3 Things to Know About Life After High School

Leaving high school and going into the real world hasn’t been fun because I'm a real adult now and need to do real adult things.
3 Things I Wish I Knew About Life Before Leaving High School

Life after high school is no walk in the park. Leaving high school and going into the world of responsibilities has been one of my worst experiences so far. 0 out of 10, would not recommend.

Okay maybe I’m exaggerating just a little – but it hasn’t been fun.

Maybe a week after leaving high school a harsh reality hit me.

‘I’m a proper adult now that has to do adult things’.

Even if I didn’t have to do those adult things right away, I needed a plan. I couldn’t sit around and wait for things to happen. I needed to start knowing what I was going to do next.

It was hard leaving high school, where I barely even took exams seriously, to have to plan the next steps of my life. It felt like I was being thrown into the deep end of a pool. And please bear in mind, I can’t swim.

I’m not sure if everyone had a plan for what they wanted to do or who they wanted to be while in high school, but I didn’t. That didn’t change the week after I left high school, or even the week after I left university for that matter. Not everyone has the luxury of ‘knowing where they’ll be in five years’. And personally I’m having a hard time even planning my day. 

I knew life after high school wouldn’t have been easy, but I wish I knew exactly how easy it wouldn’t be.

High school gave you a space to make mistakes, and gave you time to learn from them. Now, it feels like you don’t have time to learn anything. Things move so quickly that you feel like if you take even a second to look back you won’t be able to catch up with what’s in front of you.

How rushed or pressured you feel to succeed 

The pressure to make it is real.

Social media and unrealistic expectations have most of us in a chokehold. You kinda feel like a failure at age 21 for not being a millionaire and owning your second mansion. Seeing people your age getting congratulated after posting their new house or car keys doesn’t feel great when the only thing you’ve accomplished this year is buying a new pair of Crocs. 

Not being able to do spectacular things at a young age is an easier pill to swallow when you think it’s impossible. So, you’re crushed when you see someone else doing the ‘impossible’. 

Life after high school comes at you fast

Time is another thing.

The pressure doesn’t get easier when you feel like time is running out. You feel like you’re on borrowed time and need to be planning your next big move. 

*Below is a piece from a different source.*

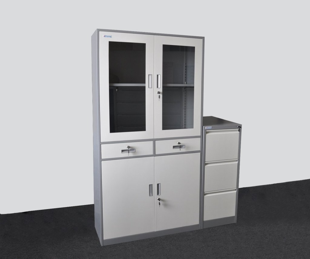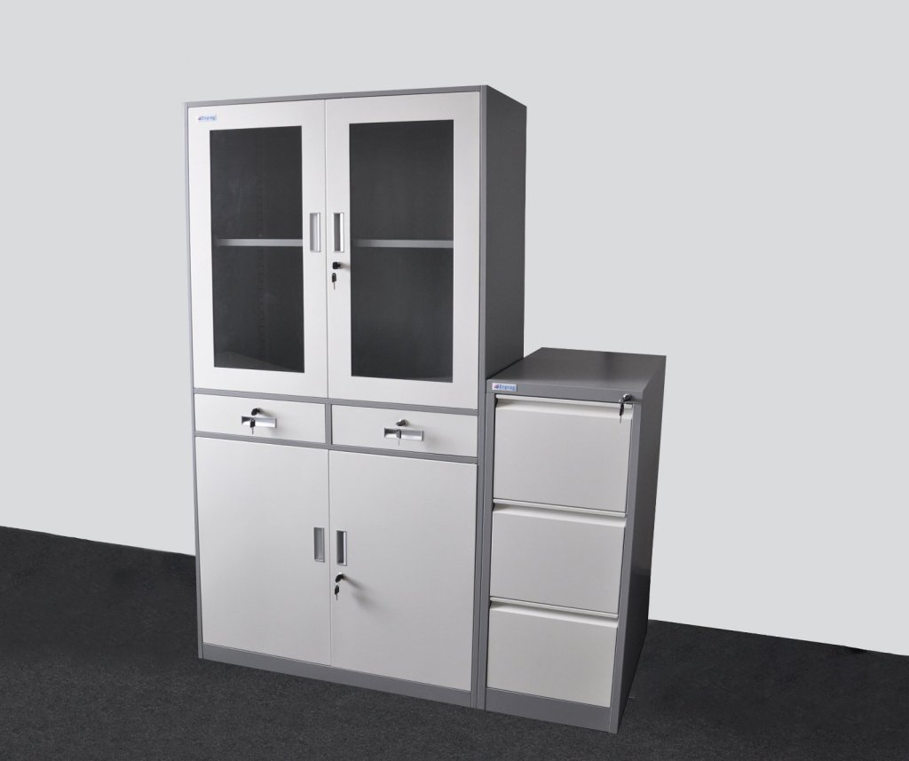 Sestava kancelářských skříní skládající se z kartotéky pro formát A4 a spisové skříně. Vše vyráběno z kvalitního a pevného ocelového plechu tloušťky 0,6mm. Povrchová úprava práškovou barvou – korpus tmavě šedý, dveře a zásuvky bílé. Demont, snadná a rychlá montáž dle přiloženého návodu.

You could literally be minding your business watching Netflix and you keep hearing a voice asking ‘Why don’t you have a nice job yet?’, ‘shouldn’t you be making six figures by now?’, ‘why don’t you have a nice car?’, ‘why do you still live with your parents?’. Now you can’t even finish binging the latest season of Money Heist.

You constantly feel like time is running out for you to do great things, even when you’re barely old enough to vote. 

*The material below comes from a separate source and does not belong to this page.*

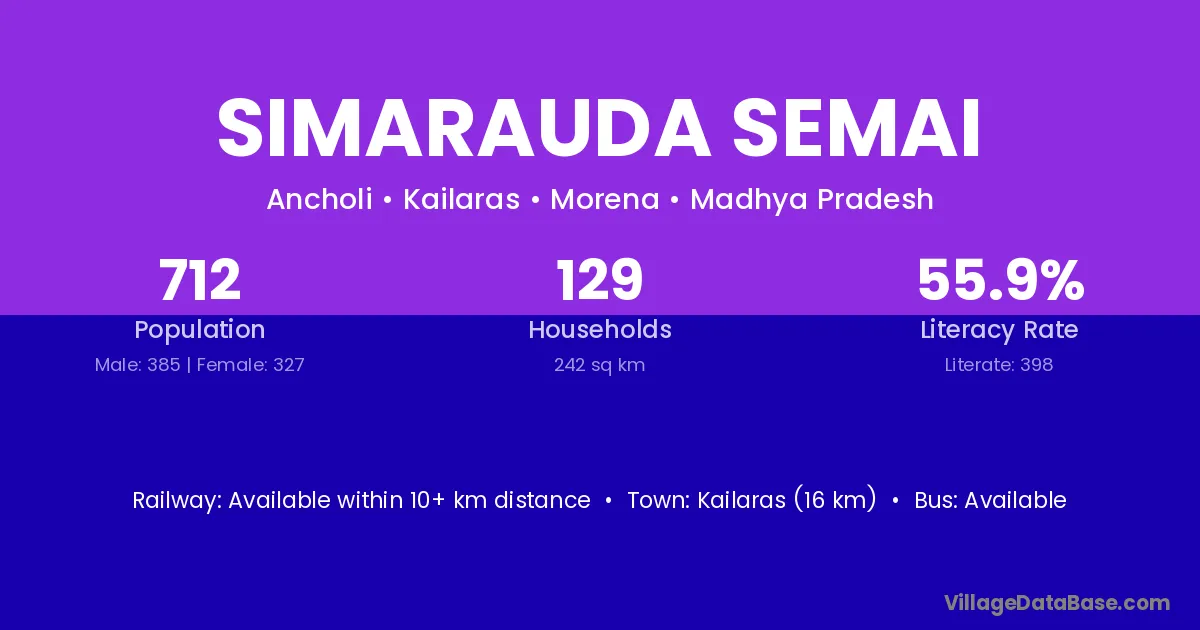 Kailaras (16 km) is the nearest town to Simarauda Semai village for major economic activities and is located approximately 16 km away.

If someone sat me down and showed me a detailed PowerPoint presentation on how pressured you would feel to be a millionaire by 25, maybe I would’ve repeated a few grades.

How expensive things are

The next thing I can’t wrap my head around is how expensive everything is. I wish I knew that you had to constantly watch what you spend. Maybe I would’ve started saving when I was two.

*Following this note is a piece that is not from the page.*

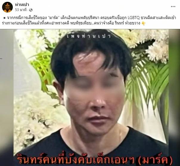 อย่างไรก็ตาม ด้านเพจ ท่านเปา (เพจใหม่อีซ้อ) ได้โพสต์ภาพของผู้จ้างวาน น้องมาร์ค ในงานดังกล่าว พร้อมระบุข้อความว่า “จากกรณีการเสียชีวิตของ “มาร์ค” เด็กเอนตกแพดับปริศนา ครอบครัวเชื่อถูก LGBTQ + ชวนฉีดสารเสพติดเข้าร่างกายก่อนเสียชีวิตแล้วทิ้งศพอำพรางคดี พบพิรุธเพียบ…คนว่าจ้างคือ รินทร์ ห้วยขวาง“

Adulting has you asking ‘why does everything cost this much?’; ‘what’s in it?’, ‘can I make it myself?’. 

All of a sudden you realize why your parents were so upset when you took too long to close the fridge door. You’re finally realizing why your mother said ‘put it back’ almost every time you asked ‘can you buy this?’. Back then you felt like they hated you for not getting what you though was the simplest snack. 

Now look at you, in the supermarket looking at your budget, deciding whether you should buy bread or lucky charms. Checking your bank balance before, and after, you swipe so you don’t have to pray before you buy fast food.

As a 20-something-year-old who isn’t a millionaire with a couple of Porsches and mansions in my name, it hasn’t been easy. I mean I didn’t realistically think I would be flying to the Maldives every other weekend at my age, but I didn’t think saying small prayers for a meal at KFC would be in my cards either.